Bruce interrupted his friend with a good-natured laugh.

"That's easy--easy, Jimmy!" he exclaimed. "Do you remember last year when we picked strawberries in the valley an' threw s...o...b..a.l.l.s two hours later up on the mountain? Higher you climb the colder it gets, don't it? Right now--first day of July--you'd half freeze up on some of those peaks! A grizzly dens high, Jimmy, and a black bear dens low. When the snow is four feet deep up where the grizzly dens, the black bear can still feed in the deep valleys an' thick timber. He goes to bed mebby a week or two weeks later than the grizzly, an' he gets up in the spring a week or two weeks earlier; he's fatter when he dens up an' he ain't so poor when he comes out--an' so the mother's got more strength to give to her cubs. It looks that way to me."

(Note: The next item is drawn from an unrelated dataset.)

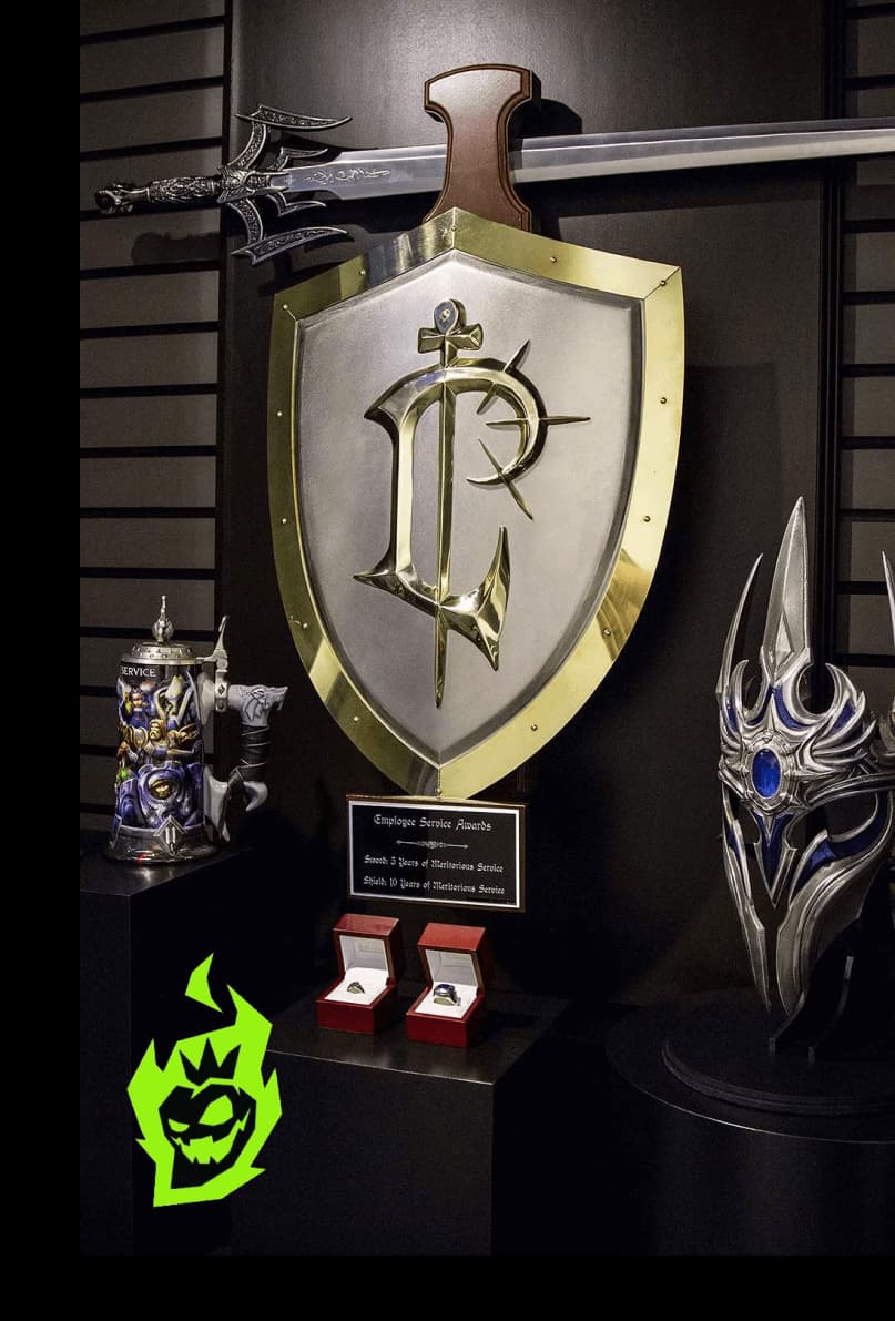- Sword and Shield Set: Wield a fancy sword and shield combo to reflect the complex workmanship of Blizzard’s service medals.

"You've hit the nail on the head as sure as you're a year old!" cried Langdon enthusiastically. "Bruce, I never thought of that!"

"There's a good many things you don't think about until you run across 'em," said the mountaineer. "It's what you said a while ago--such things are what makes huntin' a fine sport when you've learned huntin' ain't always killin'--but lettin' live. One day I lay seven hours on a mountain-top watchin' a band o' sheep at play, an' I had more fun than if I'd killed the whole bunch."

Bruce rose to his feet and stretched himself, an after-supper operation that always preceded his announcement that he was going to turn in.

"Fine day to-morrow," he said, yawning. "Look how white the snow is on the peaks."

"Bruce--"

"What?"

"How heavy is this bear we're after?"

"Twelve hundred pounds--mebby a little more. I didn't have the pleasure of lookin' at him so close as you did, Jimmy. If I had we'd been dryin' his skin now!"

"And he's in his prime?"

"Between eight and twelve years old, I'd say, by the way he went up the slope. An old bear don't roll so easy."

"You've run across some pretty old bears, Bruce?"

"So old some of 'em needed crutches," said Bruce, unlacing his boots. "I've shot bears so old they'd lost their teeth."

"How old?"

"Thirty--thirty-five--mebby forty years. Good-night, Jimmy!"